Locate the line that contains "名稱:4T1-GFP-LUC" in the data that follows. Copy it and every subsequent line to the end, exactly, excluding pictures.
*** Records for the exercise ***
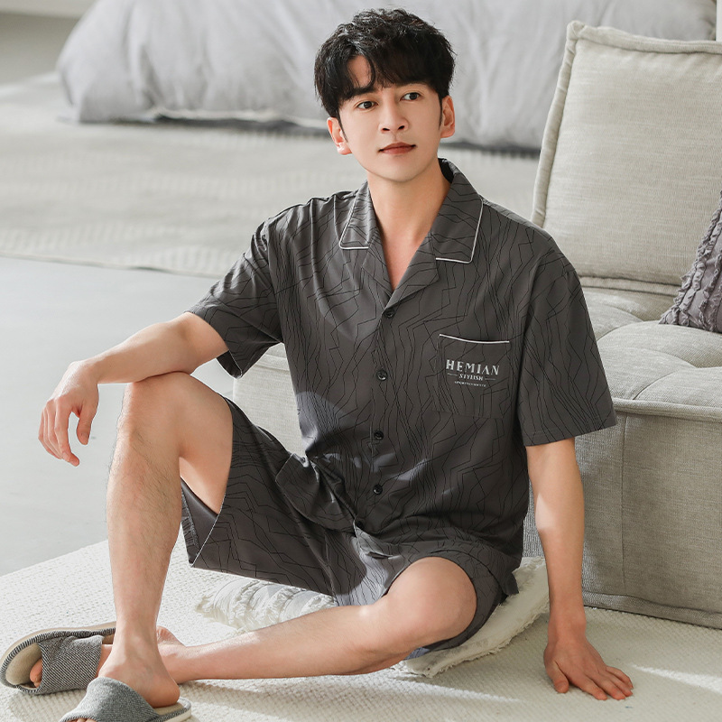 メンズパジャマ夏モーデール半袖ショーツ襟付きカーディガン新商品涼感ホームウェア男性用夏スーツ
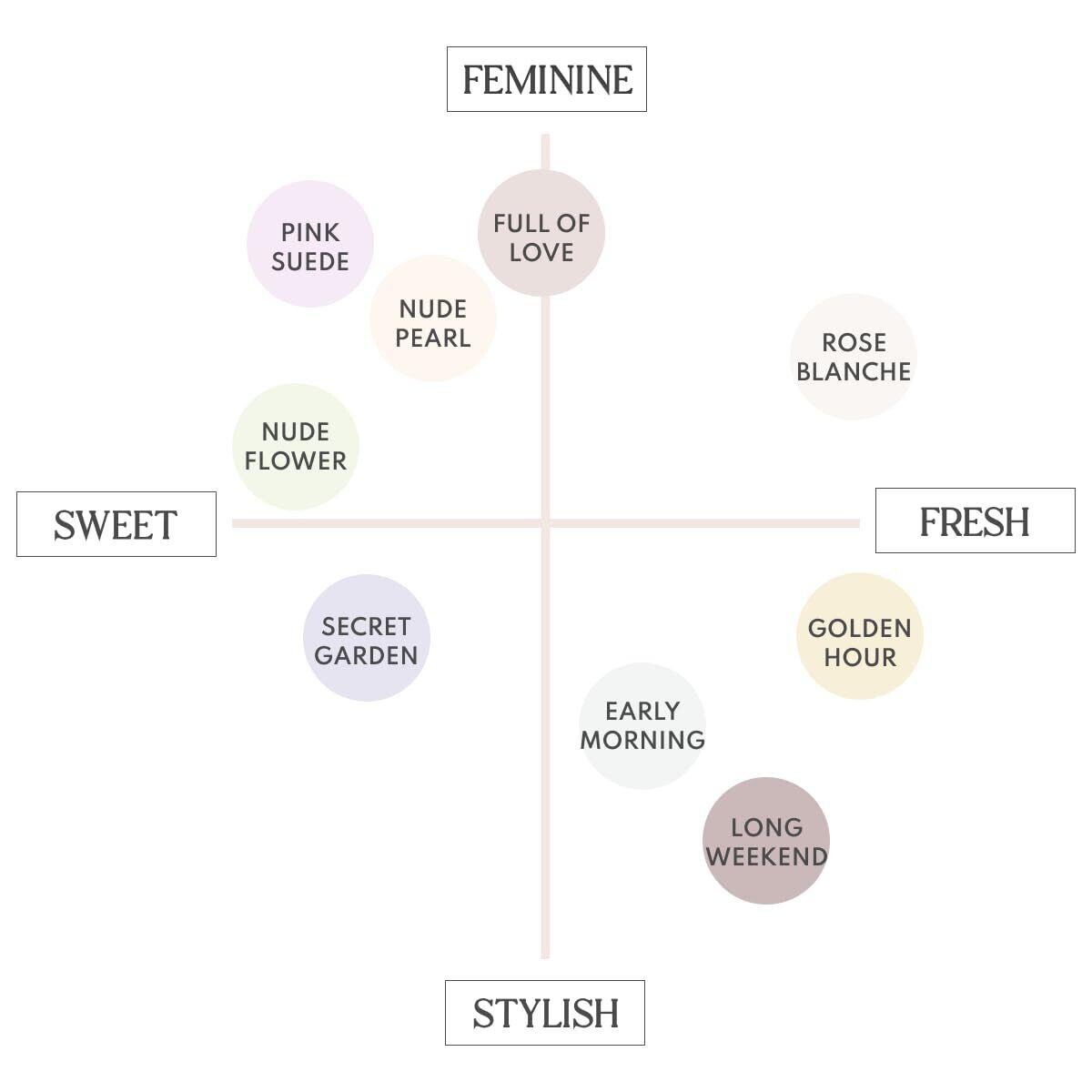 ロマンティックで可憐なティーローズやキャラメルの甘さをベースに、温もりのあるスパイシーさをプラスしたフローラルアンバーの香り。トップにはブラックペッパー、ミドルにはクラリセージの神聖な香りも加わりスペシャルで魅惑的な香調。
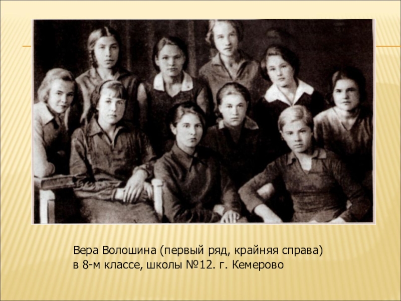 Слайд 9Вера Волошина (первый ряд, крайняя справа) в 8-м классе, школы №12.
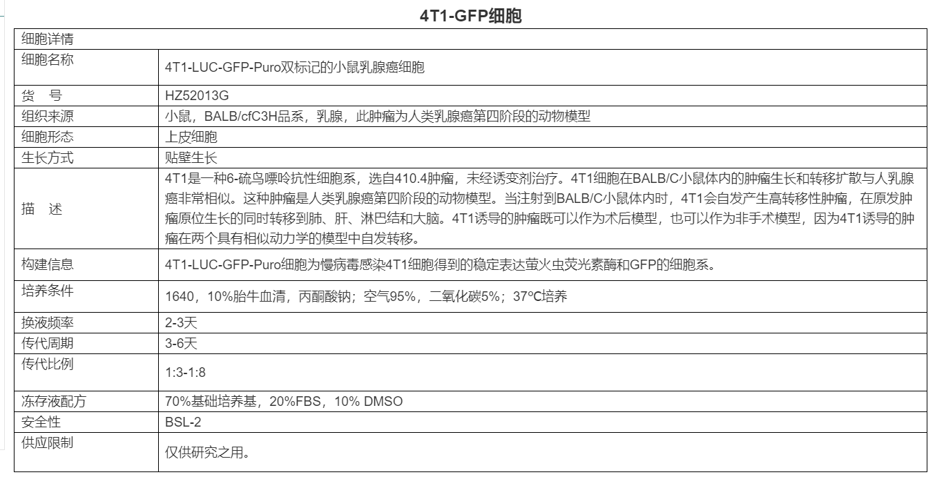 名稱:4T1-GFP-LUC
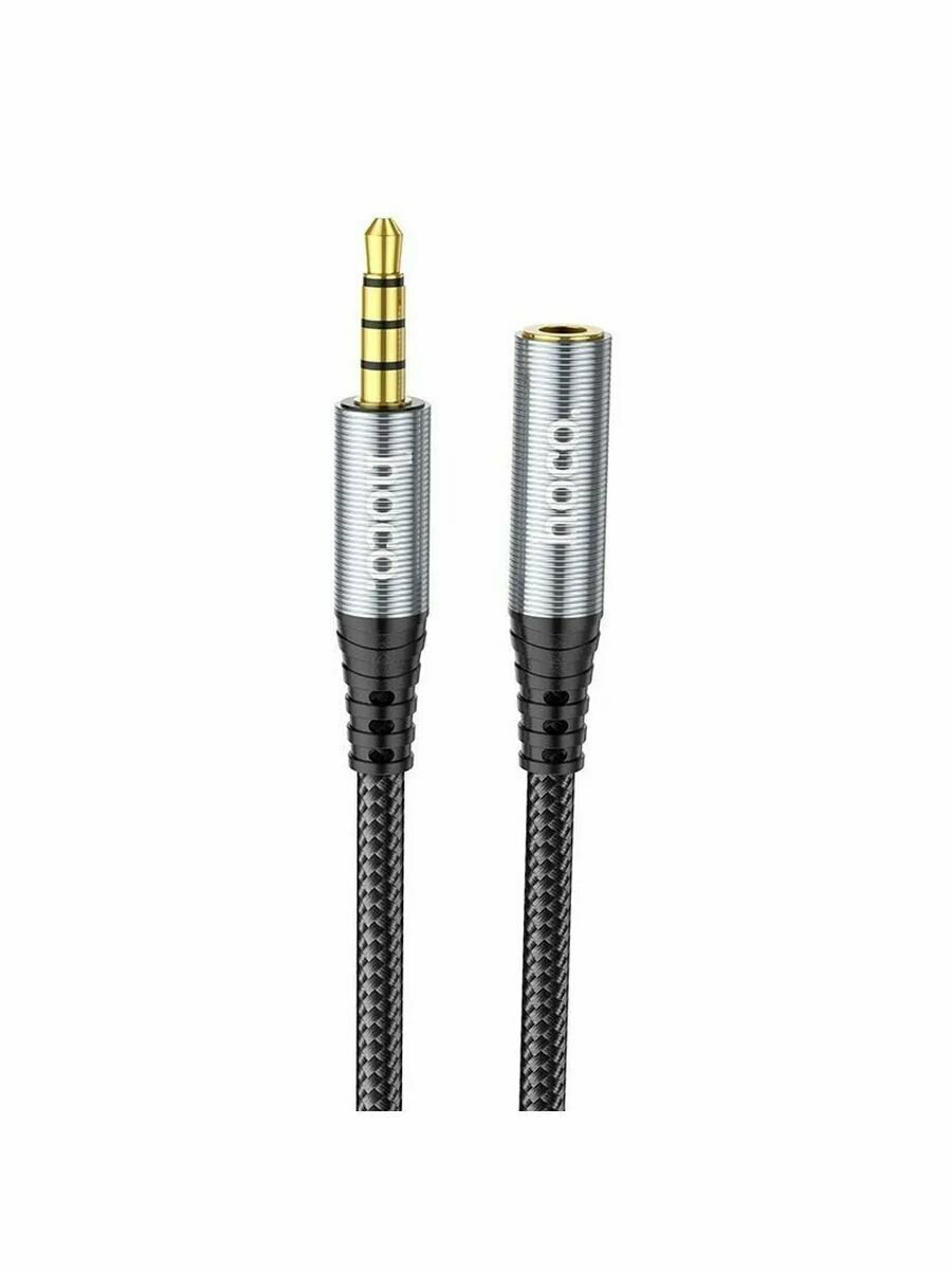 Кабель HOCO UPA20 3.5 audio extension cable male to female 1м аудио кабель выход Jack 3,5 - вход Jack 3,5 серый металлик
***
◆ Task output ◆
 名稱:4T1-GFP-LUC
 Кабель HOCO UPA20 3.5 audio extension cable male to female 1м аудио кабель выход Jack 3,5 - вход Jack 3,5 серый металлик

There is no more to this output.